In addition to that, the adaptation platform 3 proposes some other bit-rates far away from the current target. This allows the client 4 to make fast adaptations in case of significant changes in the network conditions.

In a specific example, it is assumed that a version of content stream is delivered with a bit-rate of 2 Mbps. Then the manifest offers a set of versions with the following bit-rates: 1 Mbps; 1.5 Mbps; 1.8 Mbps; 1.9 Mbps; 1.95 Mbps; 2 Mbps; 2.05 Mbps; 2.1 Mbps; 2.2 Mbps; 2.5 Mbps; 3 Mbps.

Indeed the number of steps and the spacing between the steps can be adapted to various parameters of the system 1.

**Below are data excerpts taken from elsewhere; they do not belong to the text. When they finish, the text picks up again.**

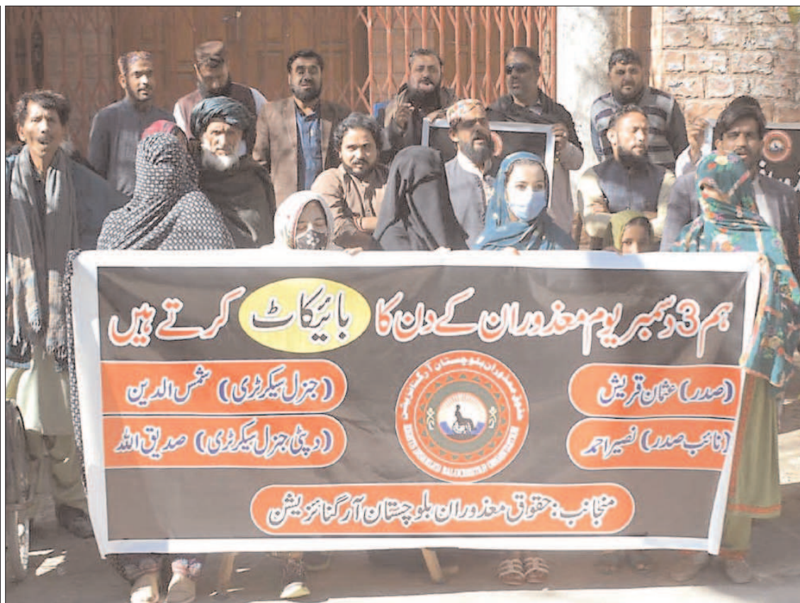
QUETTA: Activists of Haqooq-e-Mazaroon Balochistan holding a banner to mark International Day of Persons with Disabilities.

Besides, special programs on Corruption have also been organized in universities, colleges and schools. The Social Welfare Department has also organized a grand walk on Friday at the District Headquarters Hospital Road in which special persons will also participate.
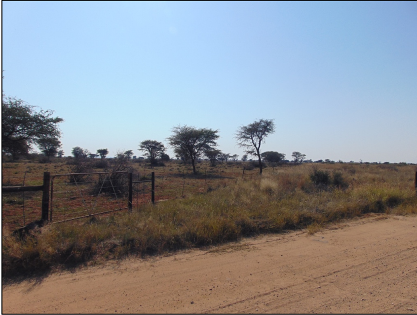
Photograph 1.4.4. Overview of proposed Meerkat SPP taken in a North Eastern direction.
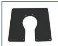
P60903 18"Wx18"D Ensolite® 1" foam Front/Rear Open Seat A-4.5"xB-7.75" opening

It is even possible to change dynamically the way the steps are arranged, depending on the behaviour of the client 4. When the requested bit-rate is quite stable, the invention proposes more bit-rates close to the one of the currently delivered version, with very small steps, and fewer bit-rates far from the current one. When the conditions become unstable, the invention proposes spacing the bit-rates with regular steps between bit-rates so that the client can reposition itself in any area within the available bit-rate range.

The described situations are illustrated in FIGS. 2a to 2c showing a scale 21 of bit-rates in the range of 1 Mbps to 3 Mbps. The vertical bars show the bit-rates proposed or offered to the client 4. The long vertical bar in the middle of scale 21 represents the ‘current’ bit-rate. FIGS. 2a to 2c illustrate an exemplary embodiment of the present invention proposing versions with 10 alternative bit-rates to the client 4.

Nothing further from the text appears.